After the sauna bathhouse went bankrupt, she went to southern China to earn a living. My maternal grandma said she distributed leaflets and earned only 20 Yuan a day. In those damp and sweltering nights, dozens of people crowded on a shared sheet, a wooden board covered with dry grass. My maternal grandma asked her to give up, yet she said it was fine. At least she was making money, which was better than nothing.
Later, she returned to the village for agricultural and poultry farming. She even opened a mahjong shop for livelihood.
She passed away at the age of 47, relying on her basic living allowance income from selling online video game equipment. Several game pals came to her funeral, and only then did I know she once earned money through selling video game assets.

Tombstone and bouquet
I visited her tomb again and again, perhaps not for her but for myself. If she were still alive, would my understanding of her still matter to her?

Remnant flame
I realize that there is a process for people to choose the usage of words.

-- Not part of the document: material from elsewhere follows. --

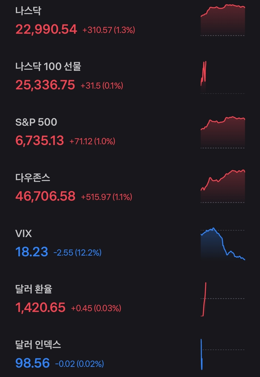 나스닥이 1.3%, S&P500이 1% 상승하며 주요 지수가 일제히 반등했습니다. 변동성 지수(VIX)는 18.23으로 12% 이상 급락했고 달러 인덱스는 98.5선을 유지했습니다. 시장 전반의 투자심리가 단기적으로 안정된 모습이지만 CNN 공포·탐욕지수가 여전히 ‘공포(30)’ 구간에 머물러 있어 투자자들의 신중함이 엿보입니다.

In the past, I had no idea what the word “mother” meant. I addressed her as “biological mother”. And when I mentioned “mum” like everyone else, I was talking about my stepmother. When others asked me about my “mother,” I felt the place for this word in my heart was empty. In the initial stages of composing this work, I decided to call the book Biological Mother, since it was a fitting description of our relationship—an unbreakable blood tie entangled with hatred, strangeness and isolation. However, after working on it for some time, I felt that biological mother sounded too indifferent. Additionally, my feelings of hatred towards her lessened over time. In my notes, I replaced “biological mother” with “mama,” a term distinct from “mum”—what I usually call my stepmother. As time passed, I began to call her “mother” when discussing this project and her old photographs. It was then that I realized that the once-empty place in my heart had already been occupied.